Lucky People Center International Review

Pre-millennial documentary mood piece capturing a world view using DJ-style cut-up editing techniques.

by Tom Doyle |
Published on
Release Date:

29 Oct 1999

Running Time:

81 minutes

Certificate:

12

Original Title:

Lucky People Center International

While its title may prove misleading - Lucky People Center are a Swedish multi-media collective who spawned this film, International signifies the world outlook - this is an ambitious and at times astonishing work.

In capturing the pre-millennial mood, the film makers travelled the globe, shooting interviews - with the likes of a voodoo priestess, an American rapper/rush hour flower salesman, a former porn star-turned-spiritual adviser - and documentary footage of rituals, dances and drumming, before piecing it together with the pulse of a music video.

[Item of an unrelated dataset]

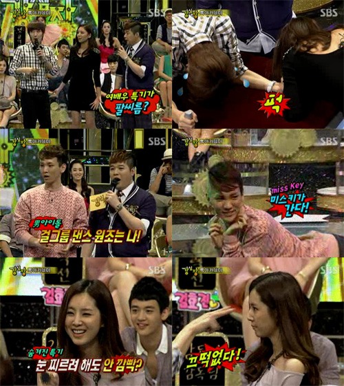 이 밖에도 샤이니(SHINee) 멤버 키(Key)는 "여자 아이돌 댄스의 원조는 나다. 조권이 웃기게 해서 원조처럼 보인다"며 미쓰에이(Miss A)의 'Bad girl good girl' 골반댄스를 보여주기도 했다.

Filmed by visual artist Pauser and edited by self-styled 'video percussionist' Soderberg, the result is a multi-layered collage that combines panoramic vistas and nape-tingling sounds and rhythms with varying notions of profoundity and absurdity.

Highlights are numerous: the fiercesome Maori dancers Te Waka Huia chanting against the horror of the credit card; banker Toshiji Mikawa in primal screaming performance artist mode; Indian contortionist Baba Ghi dryly reading the time from his wrist watch with his knees behind his ears; Skander Chand, jungle-dweller fluent in gibbon-speak, perilously abseiling down a cable car line in an ape suit.

Lucky People Center International throws up the bigger questions, but sagely, never attempts to provide answers.

Thought-provoking, funny and funky, it's Koyaanisqatsi rebuilt for the post-rave generation.